Sunday, August 23, 2009

Ambrose Bierce

I don't know about you, but I'm probably enjoying Safire's vacation more than he is. The set of stand-ins this week has Jan Freeman doing On Language, talking about the author of one of the first books about language and usage — maybe the first, actually — I ever owned, Ambrose Bierce's Devil's Dictionary. (Have been looking for my ancient copy, in fact, but haven't turned it up yet.)

The inventor of the term peevology (and related forms, I guess) gives pretty compelling reminder that language does change and that we have to deal with it by showing that 100 years ago, peeves were often things that make no sense to us today, like finding the word dirt "disagreeable". Bottom line:
But when did you last make a distinction between necessities and necessaries, or various and several?

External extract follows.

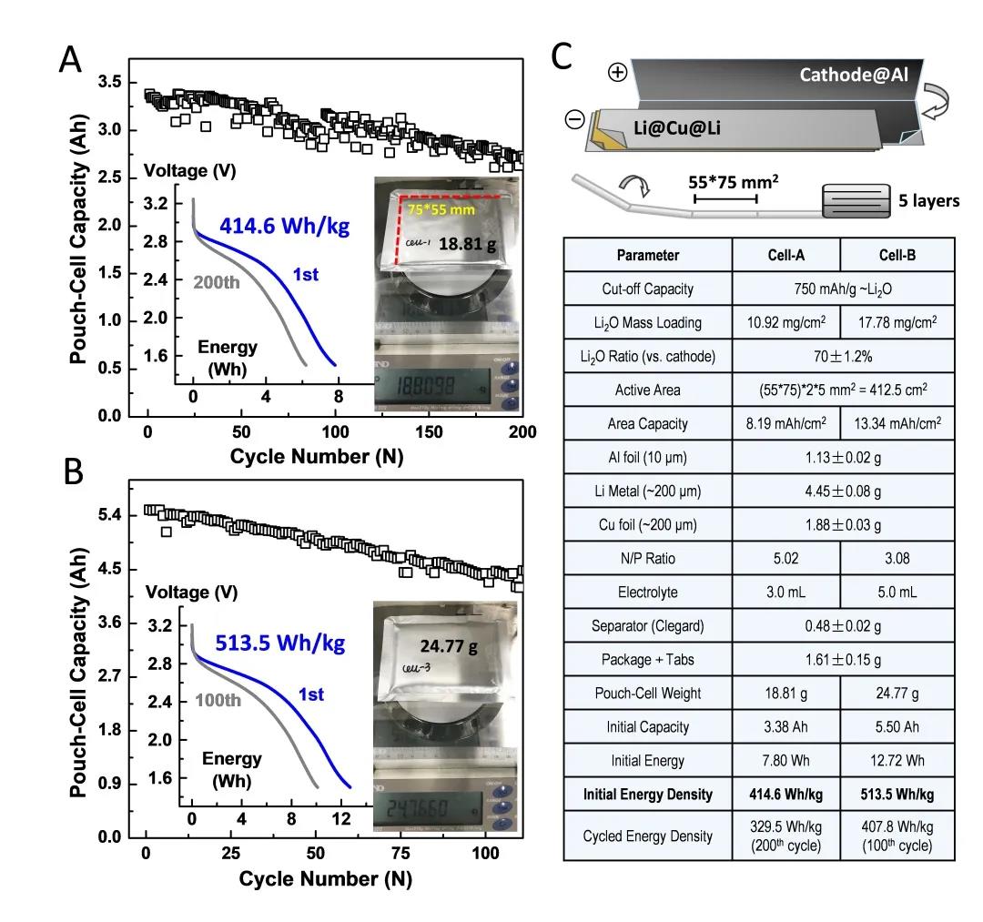 图(A-B)基于Li2O@Ni-CAC正极体系的金属锂全电池(软包)性能。在两组不同正极负载量的软包电池中,输出的比能量分别能够达到414.6和513.5 Wh/kg(计算基于软包整体质量)。其中500 Wh/kg量级的软包电池在100圈循环之后,放电输出的能量密度仍然高于400 Wh/kg。(C)软包电池卷绕模式和各组分参数列表。

Half of our pet peeves could seem equally arcane by 2109 — and we don’t know which half.
Yup. You need to read the piece.

3 comments:

Ben Z. said...

Just to clarify, the column is about Bierce's Write It Right, which Jan has edited and annotated for a new edition to be published this fall.

John Cowan said...

The 1000-word canonical version of the DD is in the U.S. public domain (it was published well before the cutoff date of 1923), and copies in many forms can be found by googling. The various extended editions published since then are in dubious copyright -- the original materials are obviously not, since all of them precede 1923 as well, and mere alphabetization does not count as sufficient originality for U.S. copyright.

Write it Right can likewise be found by googling.

Mr. Verb said...

Well, Ben, for once, it was a typo and not a mistake of substance -- that was supposed to read 'the author of' in there. (I've never actually read Write it Right.) Thanks.

Yeah, John, but I really want to find that classic old copy of the DD.